Graph of current military demographics. The US is a little over 60% non-Hispanic white at present.

Watching a man who doesn't understand the institution he heads talk down to the experts who do was a grotesque ordeal. It says a lot about who he is that he thinks he admires the belligerent, brutal General Patton but really seems to admire the actor George C. Scott playing Patton in the 1970 movie, a famous scene of which he reenacted with his macho performance in front of a gigantic American flag. Somewhere in his slosh of a speech he said, "the words I’m speaking today are making your heart sink, then you should do the honorable thing and resign."

I suspect that most of the hearts in the room were doing something fiercer than sinking, and that they won't resign in an attempt to protect their troops and this country from this cartoon figure. A lot of military people don't have the same principles I do, but they have principles and adhere to them fiercely, and I suspect that this has outraged their principles with the content of what 47 and Hegseth said, and also violates their oaths with encouragement to commit illicit acts, especially attacking civilians domestically. I went to Reddit to see what military people were saying on a military subReddit and was struck by the furious scorn for Hegseth. Not one praised him.

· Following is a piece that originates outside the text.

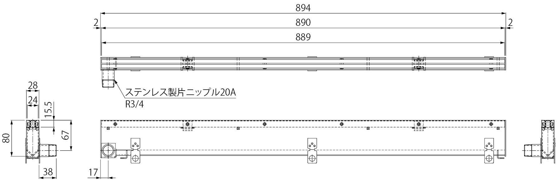 ※端部から20A片ニップルの排水口芯までは17mmとなります。
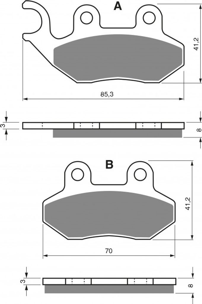 Sintrované brzdové destičky pro sportovní použití nebo těžší motocykly. Silniční typy mají homologaci TÜV.

I've protested the military a lot of my life, and like a lot of you never knew I'd end up protesting in favor of the rule of law and defending the military as it exists, un-Hegsethed. But all those years I supported people committing civil disobedience to defend and expand human rights and protection of the environment, not breaking the law to, say, blow up boats with Venezuelans in them far from our shores or to brutalize any brown person the ICE goons want to, citizens, children, pregnant women, legal residents, legal refugees, etc.

I'm hoping the nationwide No Kings demonstrations, on Saturday, October 18th, will be the biggest and fiercest yet. And that when Arizona's new Congresswoman Grijalva is sworn in she joins the vote to release the Epstein files.

Find a demonstration at https://www.nokings.org/?SQF_SOURCE=indivisible#map

  And speaking of resistance, one excellent piece of news broke this morning. The redoubtable Jane Fonda, in her prime in her eighties as a climate organizer and political activist, has revived the Committee for the First Amendment that her father was part of, pushing back against Cold War and McCarthyist repression.